UNCTAD emphasizes Rules of Origins

The 2019 report of the United Nation Conference on Trade and Development (UNCTAD) recommends for simple and business friendly steps and says attention should be given to the Rules of Origin (RoO) to get the best from the African Continental Free Trade Area (AfCFTA).
RoO are the criteria which establish the nationality of a product enabling it to circulate duty free within a free trade area as long as the goods qualify as originating within FTA.
Rules of origin are the cornerstone for the effective implementation of preferential trade liberalization, the critical policy tool needed to make any FTA operational and are of vital importance in creating opportunities for African LDCs to boost trade,” Dr. Kituyi said.
“The criteria needed to determine the nationality of a product – could make or break the African Continental Free Trade Area (AfCFTA) that entered into force,” says a new UNCTAD report.
The AfCFTA is expected to lead to the creation of a single continental market of more than 1.3 billion people, with a combined annual output of 2.2 trillion USD.
AfCFTA is also expected to boost intra-African trade by 33% once full tariff liberalization is implemented, attracting additional intra-African investments and creating market opportunities to foster Enabling goods to circulate duty-free within a free trade area as long as these goods qualify as originating within the FTA.
According to UNCTAD estimation the gross domestic product of most African countries could increase by 1 to 3 percent once all tariffs are eliminated, and if the agreement is fully implemented
The report also warns that if rules of origin are made too costly or complex to comply with, firms may instead forego these preferences and choose to trade with partners outside the AfCFTA.

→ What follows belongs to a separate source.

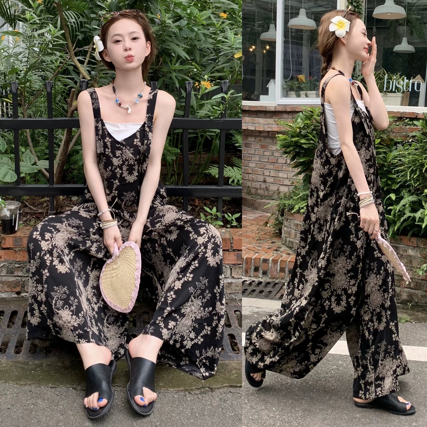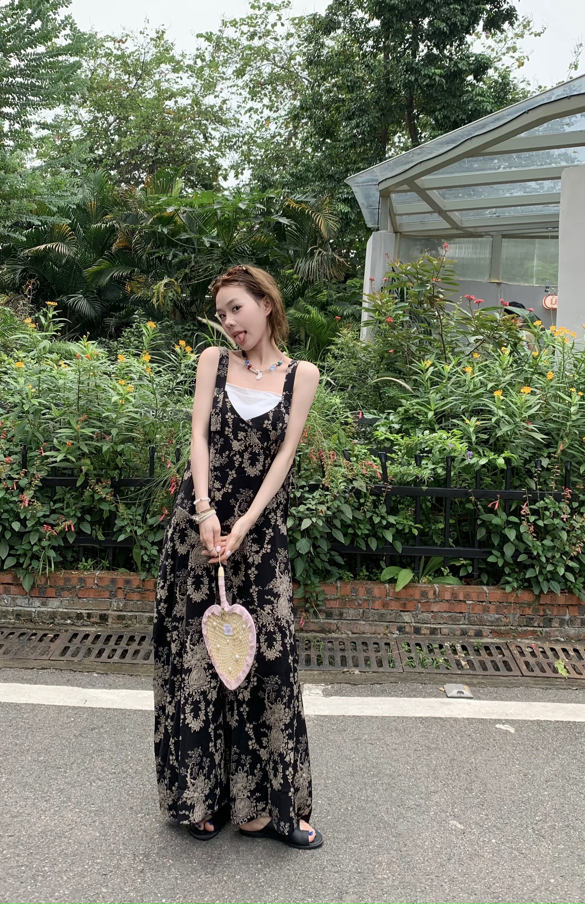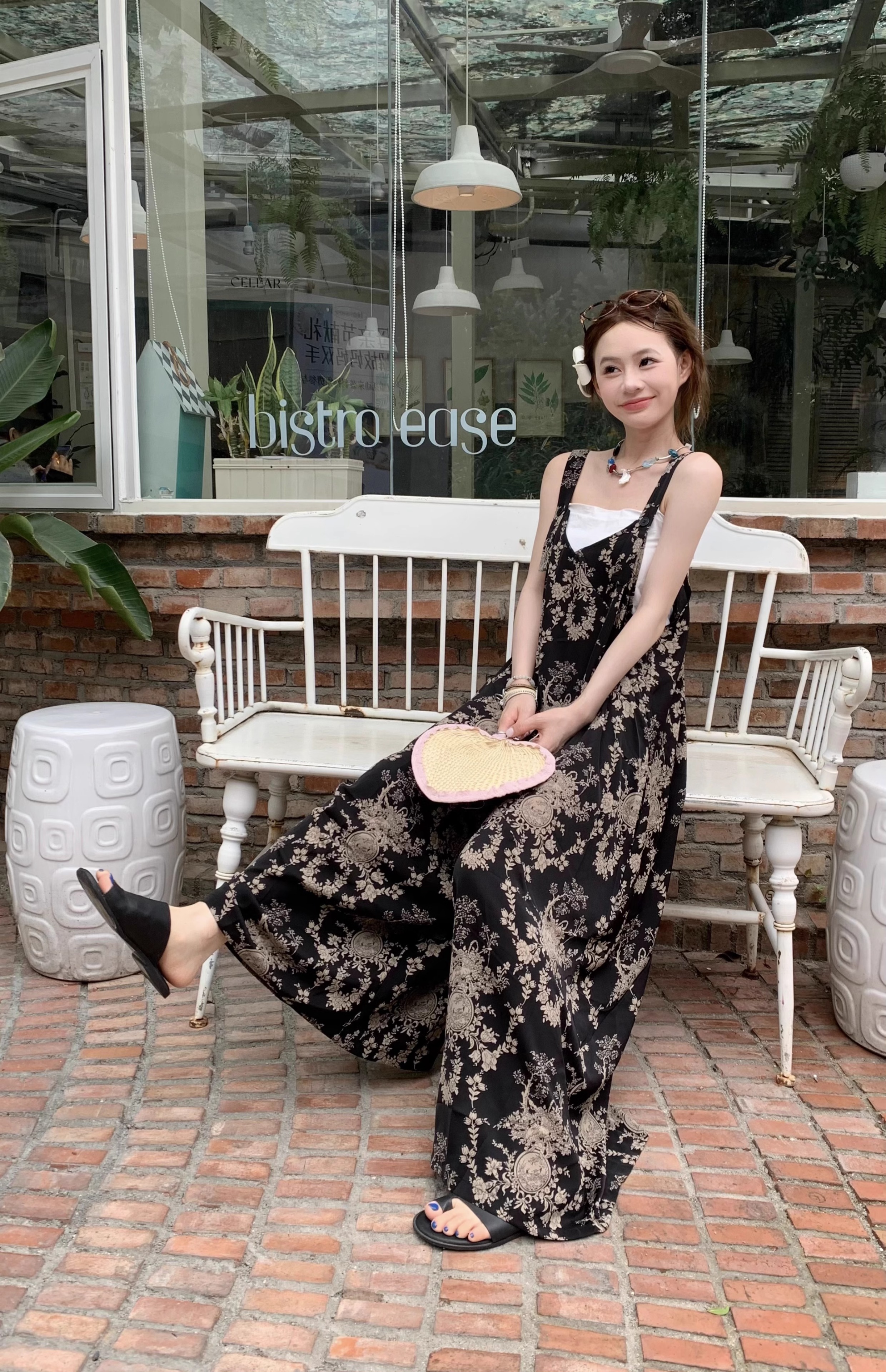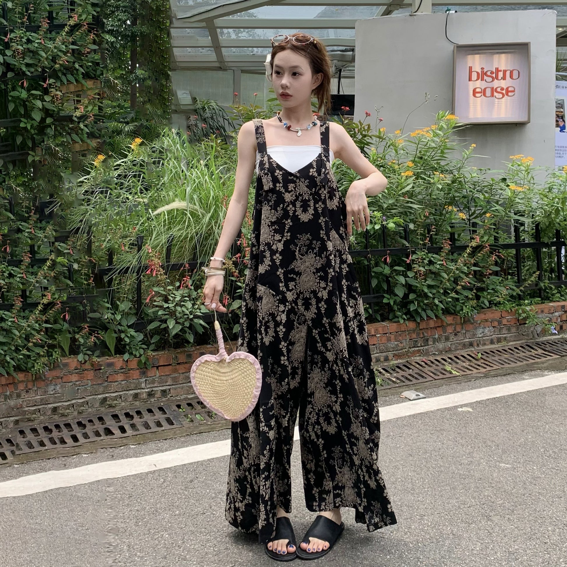 【ボトムス】夏新作 チャイナ風 ゆったりカジュアル ルーズ感たっぷり Vネックキャミオールインワン【SHシリーズ】
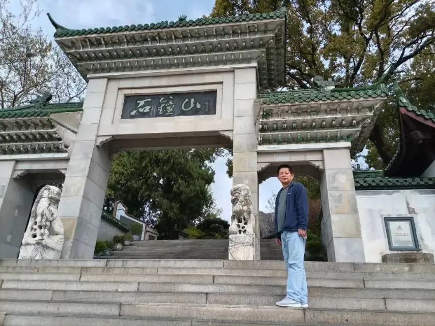 一进景区大门,就看到了苏轼雕像,站在他面前,读中学时候语文老师要求背诵的《石钟山记》,竟然冥想了半天才能想起其中一句:"事不目见耳闻,而臆断其有无,可乎?"听说这位于石钟山山门附近的石钟亭,亭内中央矗立刻有“石钟”二字的巨石,可用提供的小石块敲击,发出类似钟鸣的声音 。我连续拿了几块大小不一的石块敲了好一会,没有听到类似钟鸣声。不过,从这石钟山地貌结构和地理位置来看,如果景区容许,自己胆子够大,在月夜乘船至绝壁之下,听风声呼啸,江水汹涌在石缝间来回激荡,肯定会听到奇特的声音。但这“千古奇音第一山”的声音,能真正听闻的有几人?来到高崖之巅的清浊亭,亭柱上对联:“江湖两色,石钟千年”。站在亭中凭栏而望,长江水与鄱阳湖水在此交汇,远处隐隐约约能看见一条水波线,这线将水面清晰地分成了清浊两种颜色,而后继续奔腾,向东流去。

Half of trees in reforestation program don’t thrive

Even though the government has increased the forest coverage from 15.5 percent to 17.8 percent in the last three years by planting trees in an estimated 2.8 million hectares; half of the trees have not been growing. The trees are planted by government workers, and private institutions, according to a source that Capital spoke with in the Environment, Forest and Climate Change Commission. This source said that the main reason is that there is not sufficient follow up after the trees are planted. They said more human resources should be invested to take care of the trees.
Currently PM Abiy Ahmed is working to plant four billion trees in a short period of time, hoping Ethiopia will reach 20 percent forest coverage.

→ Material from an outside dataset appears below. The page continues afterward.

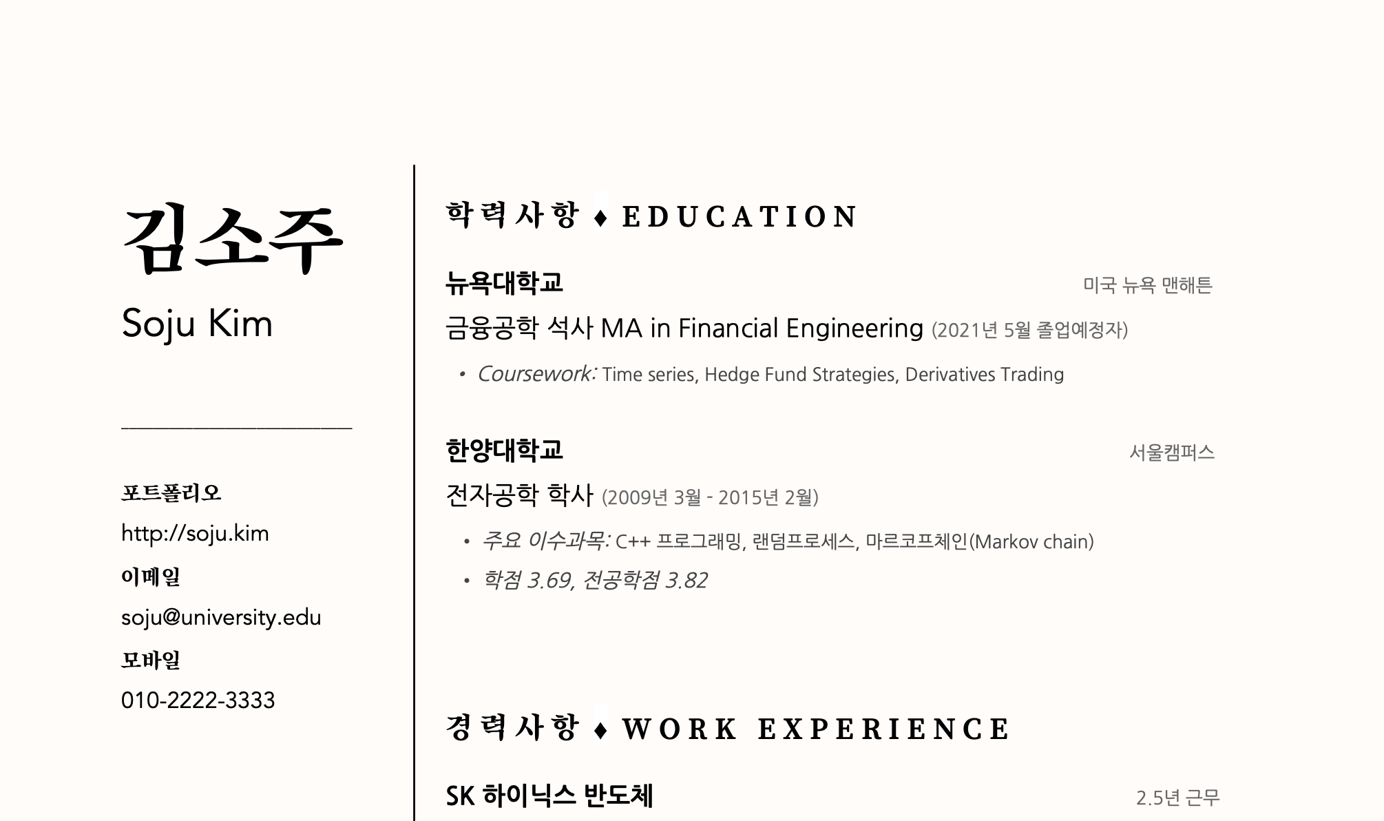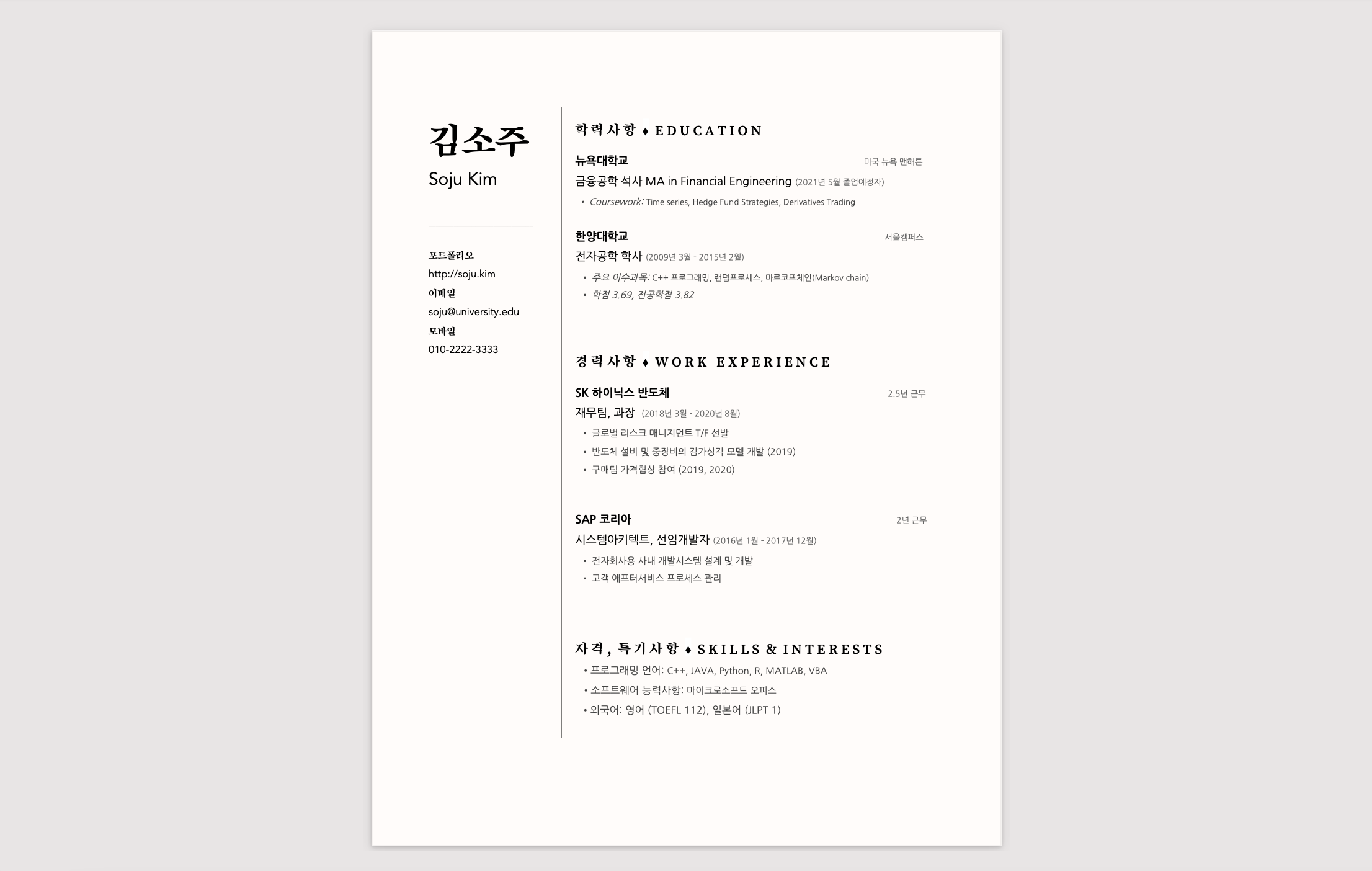김소주 Soju Kim _____________________________ 포트폴리오 http://soju.kim 이메일 soju@university.edu 모바일 010-2222-3333 학 력 사 항 ♦ E D U C A T I O N 뉴욕대학교 미국 뉴욕 맨해튼 금융공학 석사 MA in Financial Enginee

“Deforestation, soil degradation and other forms of environmental degradation that could lead to desert encroachment has become a major concern in our country and the PM who understands this started a campaign to plant a billion trees and this must be appreciated and supported but planting trees is not enough. They have to be watered, weeded, and the soil must be conserved to increase forest coverage.”
“Most people think that planting trees is a one time job and they don’t return to see the plant after they place the seedling. They need to check and see if the plants are thriving. In consideration that government alone cannot drive and meet our re-afforestation targets, appropriate incentives are being worked out to stimulate private sector and community participation.”

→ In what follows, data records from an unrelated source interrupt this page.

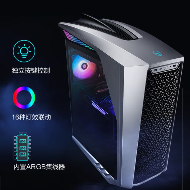 雷神黑武士・Shark 旗舰电竞主机支持一键 ARGB 神光同步,一键控制,灯效联动。16 种灯效效果:呼吸,单色,流光,5 种颜色构成属于 SHARK 独特光效基因。
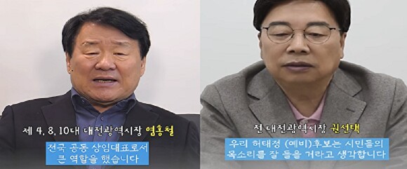 [아이뉴스24 강일 기자] 염홍철·권선택 전 대전시장이 더불어민주당 대전시장 경선에 나선 허태정 예비후보 지지내용이 영상으로 공개됐다.
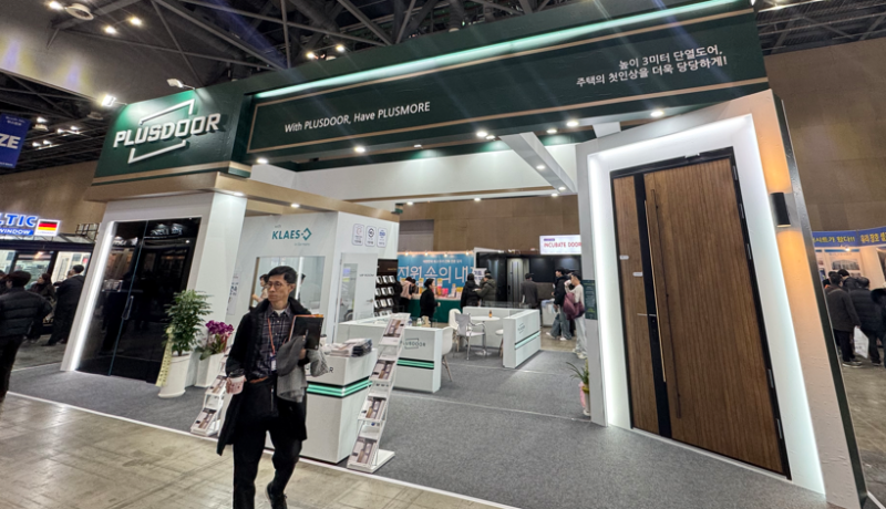 调试期间,恰逢韩国规模最大的建筑盛会——KOREA BUILD WEEK 2026(韩国建筑周)在高阳市 KINTEX 场馆盛大开幕。作为获得 UFI(全球展览业协会)与 AKEI(韩国展览业协会)双重认证的权威展会,这里汇聚了建筑行业的尖端趋势。Plusdoor携其高性能产品重磅亮相,而在其展位上,Klaes的品牌标识也展示其中。这份在韩国建筑周上的“亮相”,不仅是Plusdoor对Klaes技术的认可,更是双方深度信任的最好证明。

“We need to think more broadly – about matching trees to their location, about the effects on nearby insects and other animals and about relationships with soil and the changing climate.”
Ethiopia has severe problems with deforestation. This is due to agricultural expansion; the increasing demand for construction material, industrial use, fuel wood and charcoal; lack of a forest protection and conservation policy; absence of a strong forest administration system capable of arresting the rapidly increasing rate of deforestation; lack of effort to ensure the participation of communities in forest protection and conservation and the sharing of benefits, and failure to clearly demarcate and enforce the boundaries of natural forest reserves.